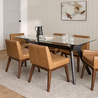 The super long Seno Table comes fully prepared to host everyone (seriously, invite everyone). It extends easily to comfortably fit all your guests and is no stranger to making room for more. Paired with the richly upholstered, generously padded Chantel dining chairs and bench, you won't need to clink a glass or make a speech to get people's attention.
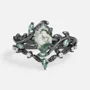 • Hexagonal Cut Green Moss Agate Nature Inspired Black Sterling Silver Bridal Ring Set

┄┄┄┄┄┄┄┄┄┄┄┄┄┄┄┄┄┄┄┄

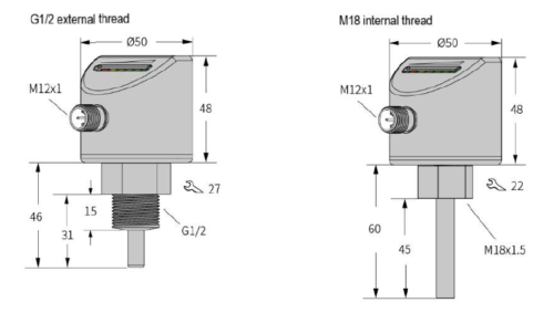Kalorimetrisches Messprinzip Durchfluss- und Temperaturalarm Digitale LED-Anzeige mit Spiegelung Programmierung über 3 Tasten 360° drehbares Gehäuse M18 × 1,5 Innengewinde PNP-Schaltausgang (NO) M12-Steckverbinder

┄┄┄┄┄┄┄┄┄┄┄┄┄┄┄┄┄┄┄┄

• **Work item**:
Find the line with "The super long" and the line with "Bridal Ring Set" in the records above. Copy both and all lines between them exactly, without pictures.

• **Task output**:
 The super long Seno Table comes fully prepared to host everyone (seriously, invite everyone). It extends easily to comfortably fit all your guests and is no stranger to making room for more. Paired with the richly upholstered, generously padded Chantel dining chairs and bench, you won't need to clink a glass or make a speech to get people's attention.
 • Hexagonal Cut Green Moss Agate Nature Inspired Black Sterling Silver Bridal Ring Set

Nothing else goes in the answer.